それが何度だって続いたとき、平等院がコート外を見て舌打ちをした。既に意識が朦朧としていたAにはコート外に何があるのかも分からず、ただガムシャラに立ち上がって焦点の合わない視線を平等院に向け、ふらついた足で構える。
コート外に見えた光景にも、何度だって立ち上がるAにもイラついた様子の平等院がサーブトスをあげる。
「今度は顔だ……せいぜい頑張って避けるんだな!」
ここまでしておいて配慮も何もないが、平等院は仮にも女子であるAの顔にはボールを当てなかった。それでもとうとう苛立ちでその気持ちすら消えたらしく、冷たく言った彼がサーブを打つ。
既に反応する力も避ける力も残っておらず、ただ立っているだけの状態であったA。このままでは顔に当たってしまう――そう思われたときだった。
「いい加減にしやがれ!!」
目の前に割り込んできた人物によって、サーブは打ち返された。がたいのいい赤髪の男であるという事しか今の頭では理解できず、Aは状況を整理することすらままならない。
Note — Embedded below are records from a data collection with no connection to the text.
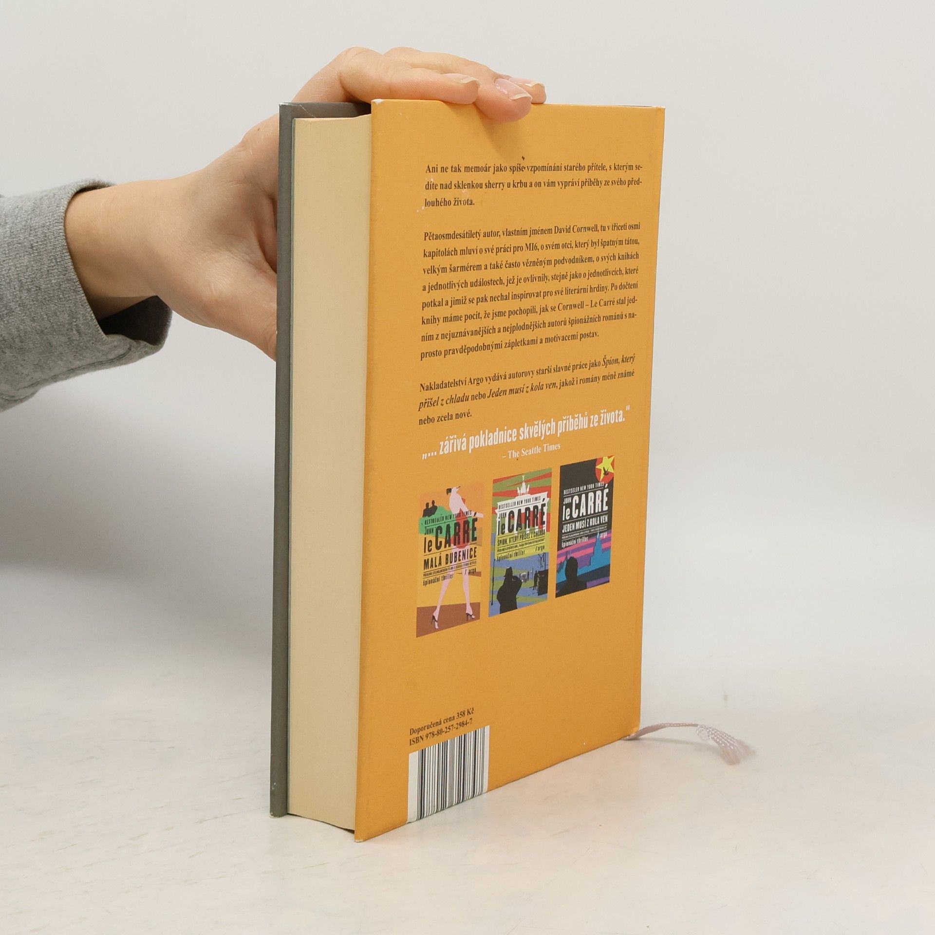 Ani ne tak memoár jako spíše vzpomínání starého přítele, s kterým sedíte nad sklenkou sherry u krbu, a on vám vypráví příběhy ze svého předlouhého života. Pětaosmdesátiletý autor, vlastním jménem David Cornwell, tu v třiceti osmi kapitolách mluví o své práci pro MI6, o svém otci, který byl špatným tátou, velkým šarmérem a také často vězněným podvodníkem, o svých knihách a jednotlivých událostech, jež je ovlivnily, stejně jako o jednotlivcích, které potkal a jimiž se pak nechal inspirovat pro své literární hrdiny. Po dočtení knihy máme pocit, že jsme pochopili, jak se Cornwell – Le Carré stal jedním z nejuznávanějších a nejplodnějších autorů špionážních románů s naprosto pravděpodobnými zápletkami a motivacemi postav. „… zářivá pokladnice skvělých příběhů ze života.“ – The Seattle Times
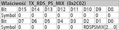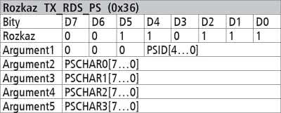 - Bajty PSCHAR0[7...0]... PSCHAR3[7...0] określają kody ASCII kolejnych znaków poszczególnych wiadomości RDS typu PS, których to numer specyfikowany jest wartością bitów PSID[4...0].
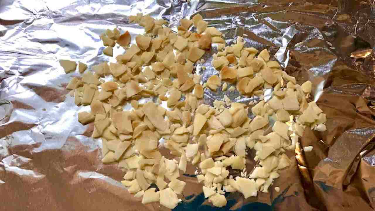 アーモンドスライスは細かく刻み、130℃のオーブンで10~15分焼きます。
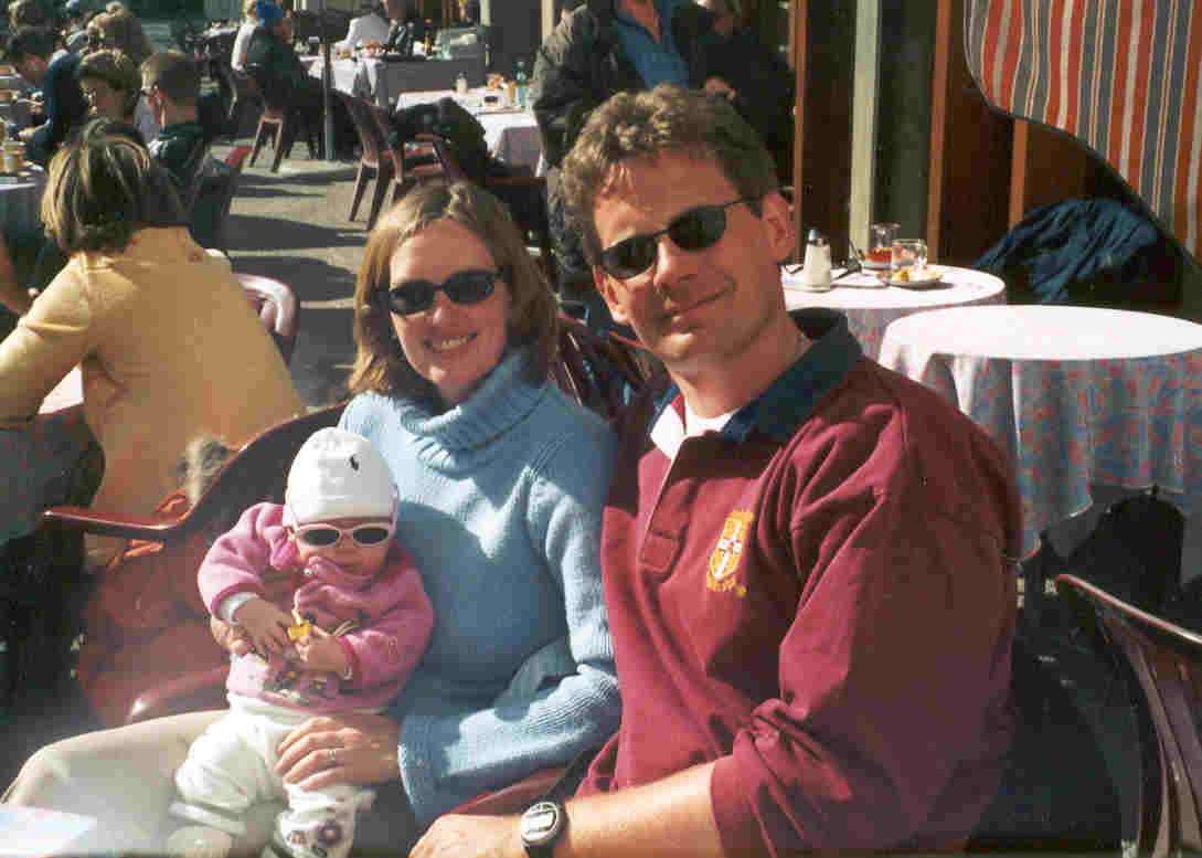 Hier sind wir im Lieblingscafé meiner Eltern in St. Moritz. Dort haben wir nach dem Skilaufen die schöne Aussicht bei Sonnenschein genossen. Meine scharfe Sonnenbrille habe ich immer ganz brav aufgelassen.
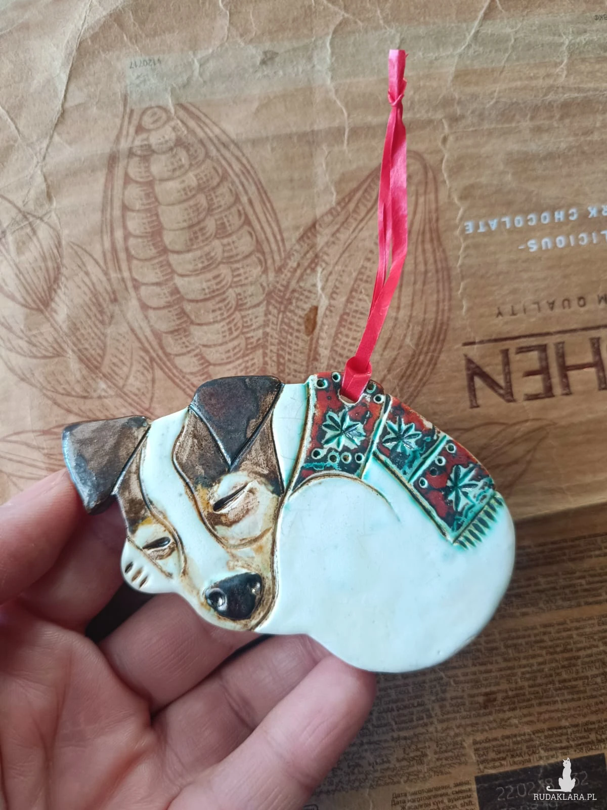 Zawieszka ceramiczna z podobizną pieska rasy Jack Rusell Terrier wykonana z gliny szamotowej, wypalona na biskwit, a następnie szkliwiona w temp. ok 1260 stopni C. Wymiary ok 5 cm x 8,5 cm. Polecam serdecznie wszystkim miłośnikom JRT.
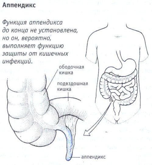 Считается, что аппендикс, размер которого приблизительно равняется мизинцу человека,— это рудиментарный орган (червеобразный отросток, присутствие которого в организме считается необязательным). Фактически, это скопление лимфатической ткани. Он, вероятно, играет незначительную роль в защитном механизме кишечника. При определенных обстоятельствах аппендикс может воспалиться, т. е. развивается аппендицит.
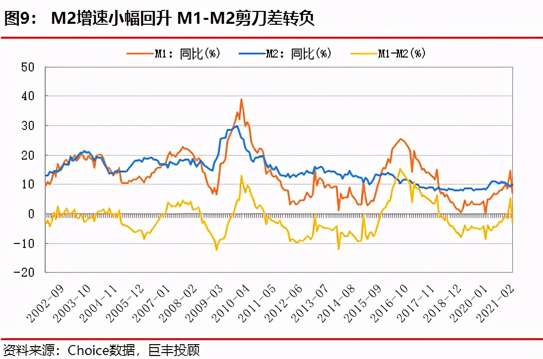 一方面, 社融-M2 剪刀差在 2 月有所收窄, 反映出资金供给相对充裕,广义流动性缺口缩窄,银行负债端压力下降。 另一方面, M2-M1 剪刀差再度扩大, 但 M1 下降主要由于基数效应, 并不意味着企业的经营预期下降,未来经济内生动能有望继续增强。有色疯狂爆发能持续多久?主力机构底牌曝光!关注巨丰投顾(ID:jfinfo)公众号/下载好股票APP,紧急订阅“读研报抓牛股”专栏,享受专属优惠!超级龙头标的分析研报等你get!
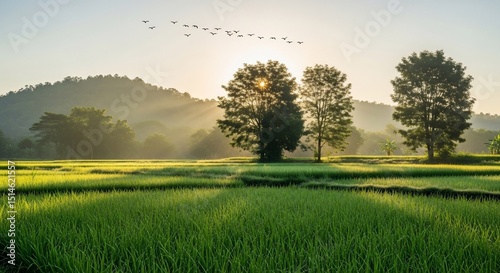 © ngamaz, Obraz premium Sunrise Over Rice Fields with Birds and Sun Shining Through Trees
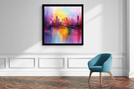 „Neonträume“ – Abstrakte Skyline in leuchtenden Neonfarben
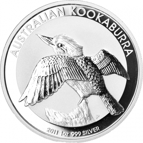 Ventiduesima emissione della serie kookaburra. In questa moneta datata 2011 è visibile un uccello kookaburra appollaiato su un ceppo d'albero, con le ali spiegate. Nel campo sinistro, una piccola lettera P è il marchio di zecca della Perth Mint. L'animale conosciuto con il nome di "Laughing Hans" o "Hunter Liest", vive principalmente nella parte orientale dell'Australia e ha un caratteristico organo vocale. Il nome Kookaburra è una modifica del termine aborigeno australiano "guuguubarra", che evoca il richiamo del martin pescatore. La scritta AUSTRALIAN KOOKABURRA si curva attorno al bordo superiore, mentre la data, il peso e la purezza della moneta si possono vedere alla base. Il dritto raffigura l'effigie della regina Elisabetta II.
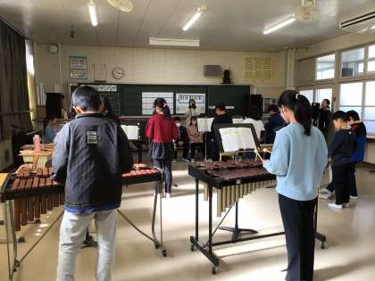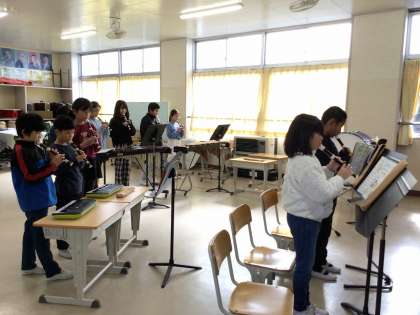 「オーラリー」という曲は、リコーダーのみで演奏し、リコーダーのきれいな音色が響きました。「茶色のこびん」という曲では、大太鼓や小太鼓、木琴、リコーダー、キーボード、ピアノで演奏しました。いろいろな楽器の音がきれいにまじりあいながら楽しい演奏でした。6年生からは、「音が合っててよかった。聞いてて楽しかった。」という感想をもらい、演奏した34年生は、うれしそうでした。

ただ、何故か強い安心感を感じた。
自然と殻の力が抜けて、重力に従いふらりと横に倒れようとする体が何者かに支えられる。「辛かったね。」という優しい声と暖かい体温に、Aは気づくと目を閉じていた。
「……また俺の邪魔をするか。」
「してやるさ。お前のやり方は間違っている。」
鬼が鋭い目つきで睨むと、平等院くんは苛立ちを隠さず舌打ちをした。2人の間に険悪な空気が流れる。
そんな空気を断ち切ったのは、パン、と乾いた拍手の音だった。
「ハイ、そこまで〜。」
「試合は終わりです。キミ達も試合を見ていた選手達も、練習に戻るように。」
コーチ達の言葉を受けて、平等院くんは僕達に背を向けた。周囲の選手達も去っていき、僕は改めて腕の中にいる少女に視線を向ける。
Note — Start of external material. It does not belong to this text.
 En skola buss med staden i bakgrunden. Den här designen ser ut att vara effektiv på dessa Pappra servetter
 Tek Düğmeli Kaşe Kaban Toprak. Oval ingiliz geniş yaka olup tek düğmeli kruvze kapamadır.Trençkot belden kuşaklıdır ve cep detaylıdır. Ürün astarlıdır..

幸い顔にはひとつも傷はみられない。それでも腕や足には痛々しい傷跡が残っていた。所々ボールがすれてか血が出ている箇所が生々しくて痛々しい。顔をしかめると、鬼がそっと彼女を抱き上げた。
いくぞ、と小さい声で言って歩き出した鬼。その顔つきはまるでお兄ちゃんで、少しだけ頬が緩んだ。